TRY IT
Your job is to give again, exactly and with no additions, the lines in the records below from the one with "I made one necklace" through the one with "まずは当日の差枚ランキングを", both included. Omit the pictures.

---------- MATERIAL SUPPLIED

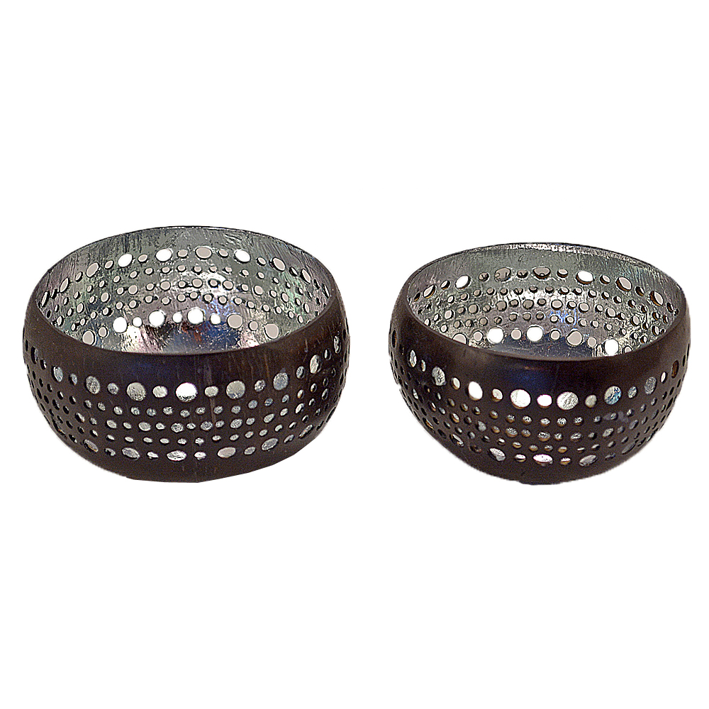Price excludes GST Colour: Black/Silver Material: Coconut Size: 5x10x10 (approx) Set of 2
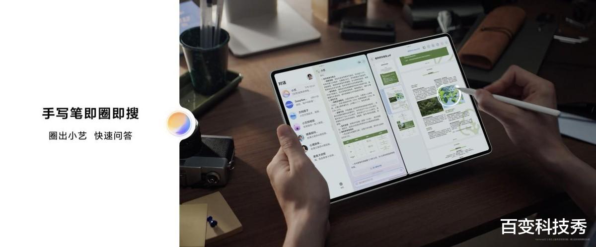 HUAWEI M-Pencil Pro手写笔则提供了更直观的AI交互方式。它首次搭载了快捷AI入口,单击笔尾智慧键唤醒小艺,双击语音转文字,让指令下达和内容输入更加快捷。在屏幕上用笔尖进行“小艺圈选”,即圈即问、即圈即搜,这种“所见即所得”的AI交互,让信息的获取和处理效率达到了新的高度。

--------------------
---------- MATERIAL SUPPLIED

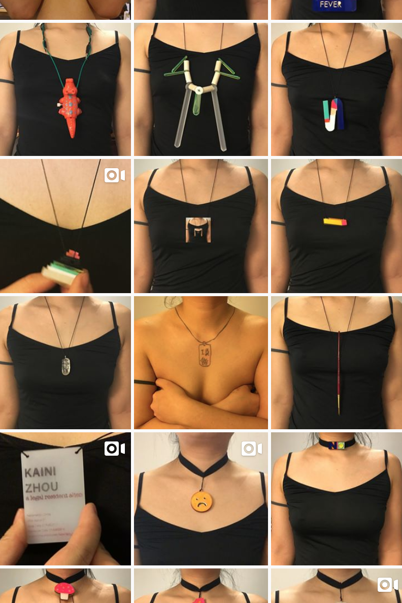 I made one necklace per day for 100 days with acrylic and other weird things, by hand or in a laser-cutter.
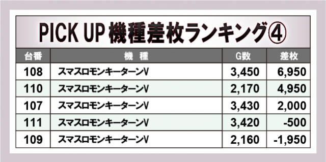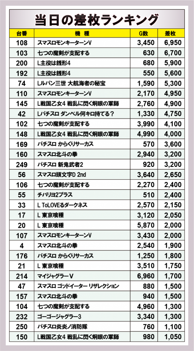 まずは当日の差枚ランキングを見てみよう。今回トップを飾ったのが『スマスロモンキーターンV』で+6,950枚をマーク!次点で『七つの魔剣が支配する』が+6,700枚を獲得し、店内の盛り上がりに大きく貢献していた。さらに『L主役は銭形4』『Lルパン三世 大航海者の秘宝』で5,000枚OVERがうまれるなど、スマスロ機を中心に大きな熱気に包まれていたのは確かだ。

--------------------

RESULT OF THE EXERCISE
 I made one necklace per day for 100 days with acrylic and other weird things, by hand or in a laser-cutter.
 まずは当日の差枚ランキングを見てみよう。今回トップを飾ったのが『スマスロモンキーターンV』で+6,950枚をマーク!次点で『七つの魔剣が支配する』が+6,700枚を獲得し、店内の盛り上がりに大きく貢献していた。さらに『L主役は銭形4』『Lルパン三世 大航海者の秘宝』で5,000枚OVERがうまれるなど、スマスロ機を中心に大きな熱気に包まれていたのは確かだ。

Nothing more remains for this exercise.